--- Collected material ---
☆ ☆ ☆ ☆

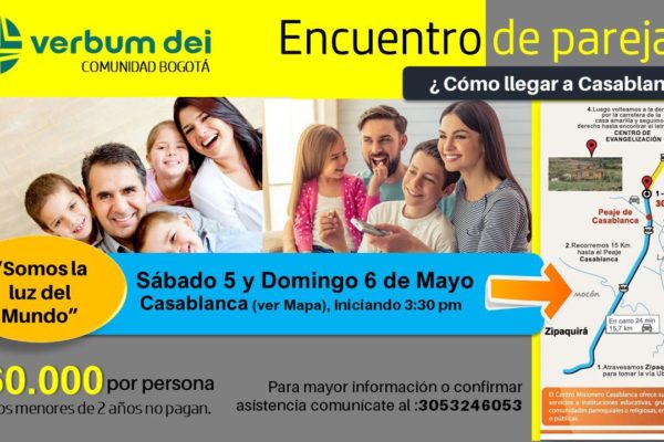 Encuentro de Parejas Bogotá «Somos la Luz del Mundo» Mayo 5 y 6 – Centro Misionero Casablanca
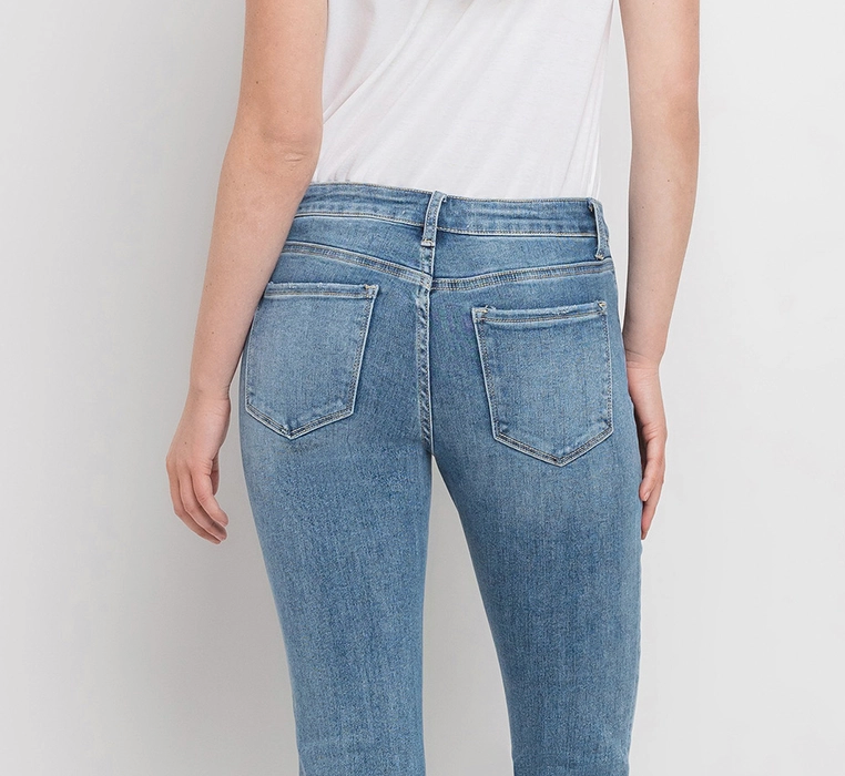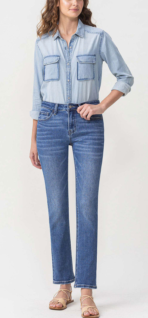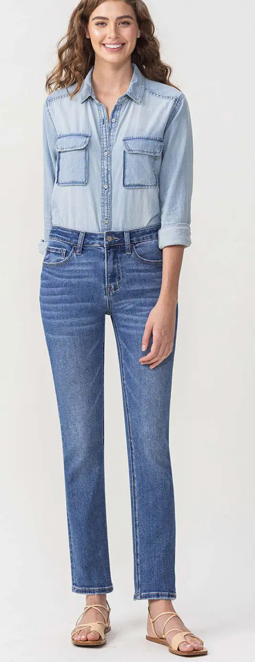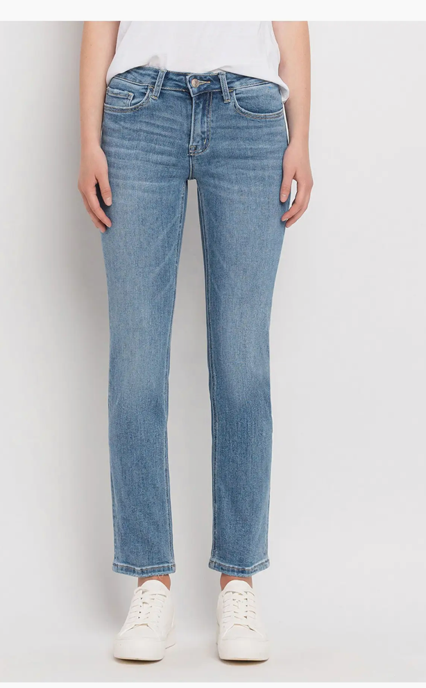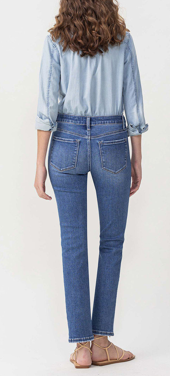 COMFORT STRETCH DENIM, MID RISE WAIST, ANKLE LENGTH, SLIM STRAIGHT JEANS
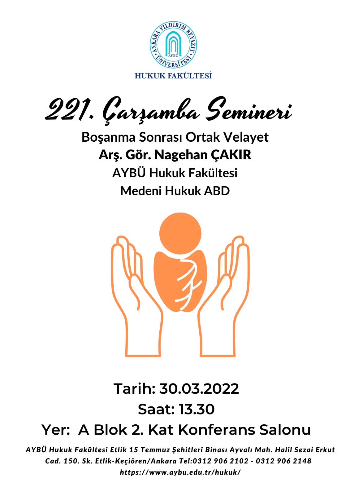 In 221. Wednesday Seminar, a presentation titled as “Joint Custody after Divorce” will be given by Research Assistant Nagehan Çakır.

☆ ☆ ☆ ☆

--- Work request ---
Repeat the data exactly as given. Keep every picture out of the copy.

--- Answer for the task ---
 Encuentro de Parejas Bogotá «Somos la Luz del Mundo» Mayo 5 y 6 – Centro Misionero Casablanca
 COMFORT STRETCH DENIM, MID RISE WAIST, ANKLE LENGTH, SLIM STRAIGHT JEANS
 In 221. Wednesday Seminar, a presentation titled as “Joint Custody after Divorce” will be given by Research Assistant Nagehan Çakır.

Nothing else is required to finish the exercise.